In Leo`s Boxgym München gibt es eine Hausgala zu sehen. Der 25-jährige Emre Cukur aus München tritt im Hauptkampf gegen den Tschechen Tomas Bezvoda an. Cukur sollte keine all zu großen Probleme damit haben, dem Publikum 10 Runden gutes Boxen zu zeigen und sich diesen Gürtel zu holen. Sieben weitere Kämpfe runden die Veranstaltung ab.

Die Stadthalle Ransbach-Baumbach ist der Austragungsort eines Events, bei dem Dennis Ronert im Cruiser und Yakup Saglam im Schwergewicht die Hauptkämpfer sein werden. Im Glaspalast Dessau gibt es traditionell die alljährliche „Dessauer Boxnacht“. Zu sehen ist u.a. der Abschiedskampf von Steve Krökel, der nach über 50 Kämpfen in 10 Jahren die Handschuhe an den Nagel hängen will. Ebenfalls auf der Card vertreten ist der Nürnberger Cruiser Kristijan Kkrstacic. Laut Boxrec-Eintrag soll auch Kevin „Kingpin“ Johnson in Dessau kämpfen.

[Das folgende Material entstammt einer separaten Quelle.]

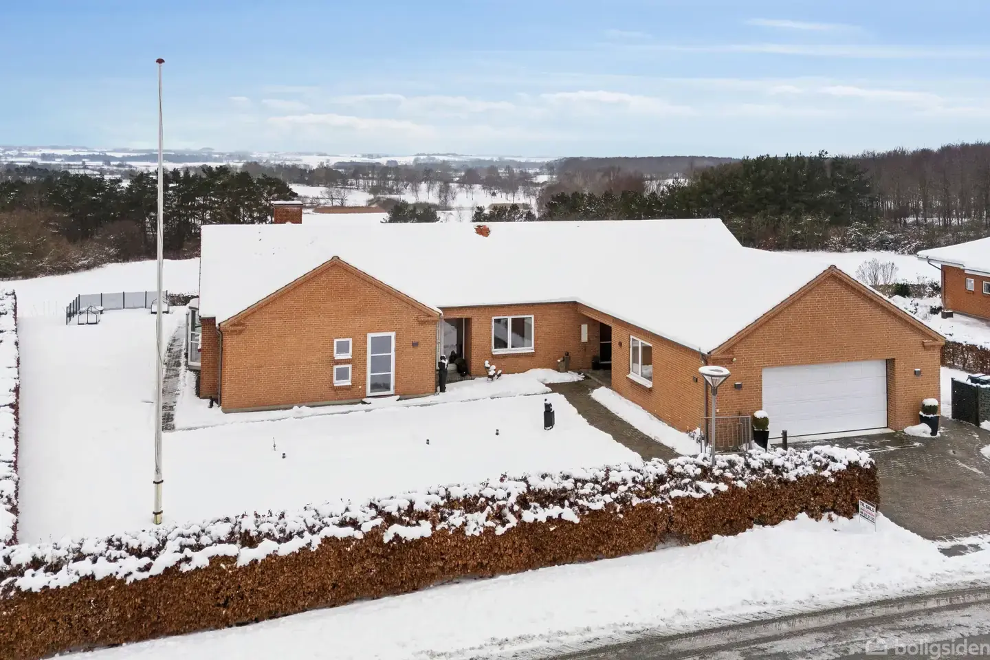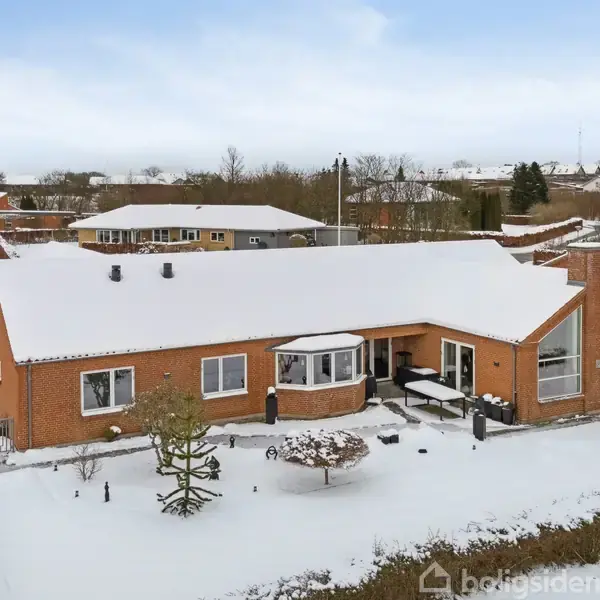 Stor og flot rødstensvilla med fantastisk udsigt – kvalitet, plads og komfort.Drømmer du om en rummelig og velbygget villa med masser af lys, udsigt og plads til hele familien? Så er denne imponerende rødstensvilla et oplagt valg. Et gedigent kvalitetsbyggeri!Villaen fremstår som en solid kvalitetsvilla opført i klassiske røde mursten og byder på hele 5 gode værelser, hvilket giver fleksible muligheder for både børneværelser, hjemmekontor og gæsteværelse. Hertil kommer 2 badeværelser, så hverdag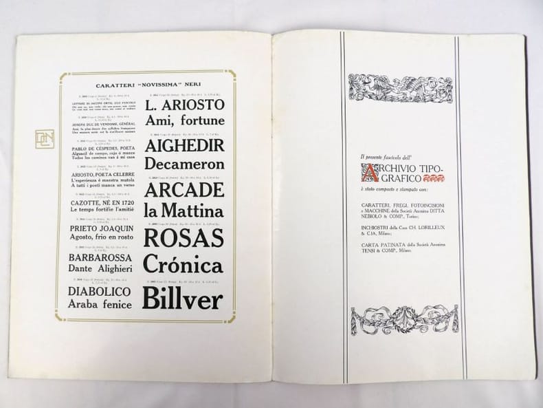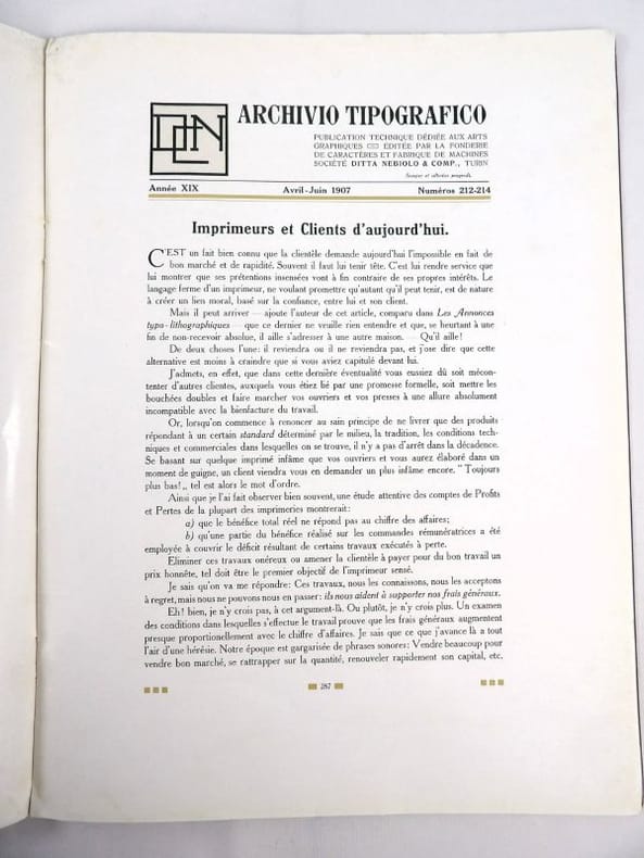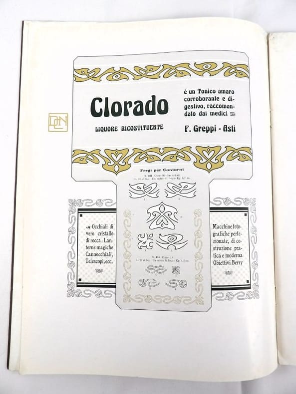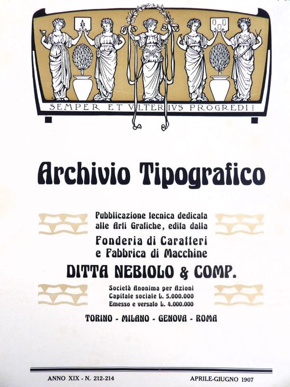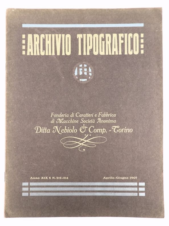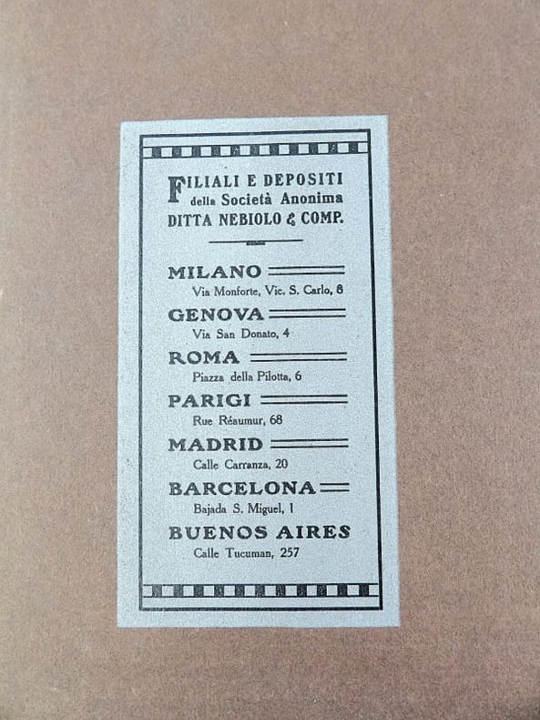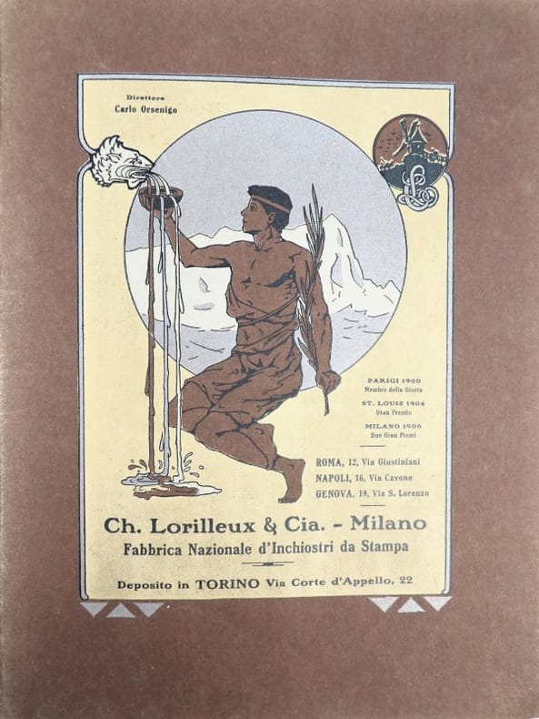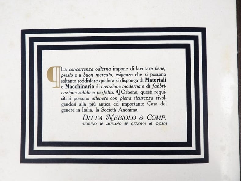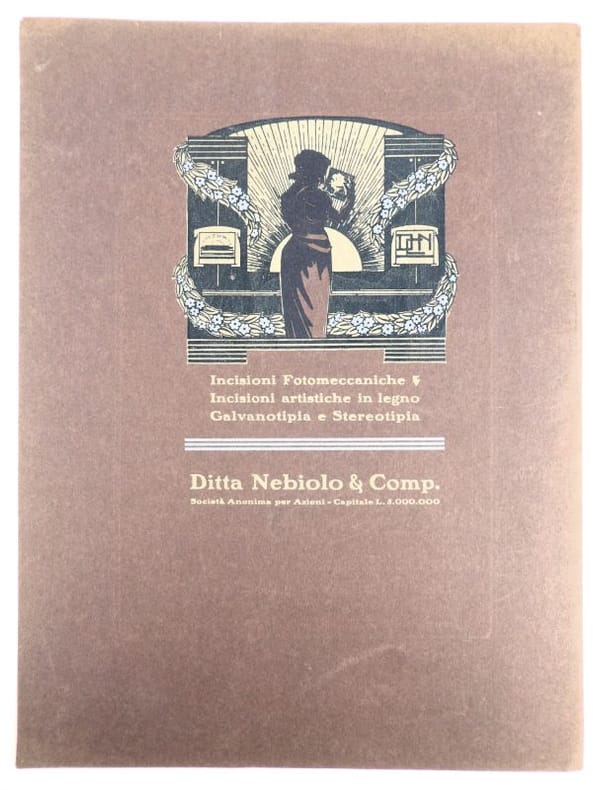 Turin (Italie), Nebiolo, 1907. 31,5 x 24 cm. Broché, couvertures illustrées et titrées. 20 Pages. Belle impression Art Nouveau. Plaquette bilingue en français et en italien.

Neben der bereits in einem anderen Beitrag erwähnten Sauerland-Veranstaltung in Gummersbach findet im gleichen Ort noch eine weitere Veranstaltung statt. Hauptkämpfer ist dabei der Schwergewichtler Eugen Buchmüller, der nach seinen letzten Kampf in Polen einen Aufbaukampf bestreiten wird. Auch in Neuss und Berlin Spandau gibt es am Samstag Boxveranstaltungen zu sehen.

Diese Veranstaltungen zeigen bis auf einige „Ausreisser“ das Boxen in seiner breiten Masse. Es ist die Basis des Sports, den wir mögen. Vielleicht schaffen es ja einige der Boxer, die sich am Samstag präsentieren, Stey by Step auf der Erfolgsleiter nach oben zu klettern. Man kann sich gut darüber beklagen, dass Deutschland im internationalen Vergleich hinterher hinkt. Man kann sich auch darüber beklagen, dass wir viel zu wenige Top-Boxer in den Rankings oder als Titelträger haben. Aber man kann sich nicht darüber beklagen, dass bei den kleineren Veranstaltungen zu wenig getan wird, um das zu ändern. Boxer, Promoter, Trainer und viele helfende Hände bei solchen Veranstaltungen tun einiges dafür, den deutschen Boxsport hoch zu halten. Das das nie genug ein kann, weiss jeder. Als Boxsportbegeisterte Zuschauer bleibt uns nur eins: Ab und zu auch mal zu den Veranstaltungen zu gehen und mit unserem Eintrittsgeld die Aktiven finanziell unterstützen. Immer nur meckern, dass ja alles so schlecht ist, bringt das deutsche Boxen allein nicht weiter.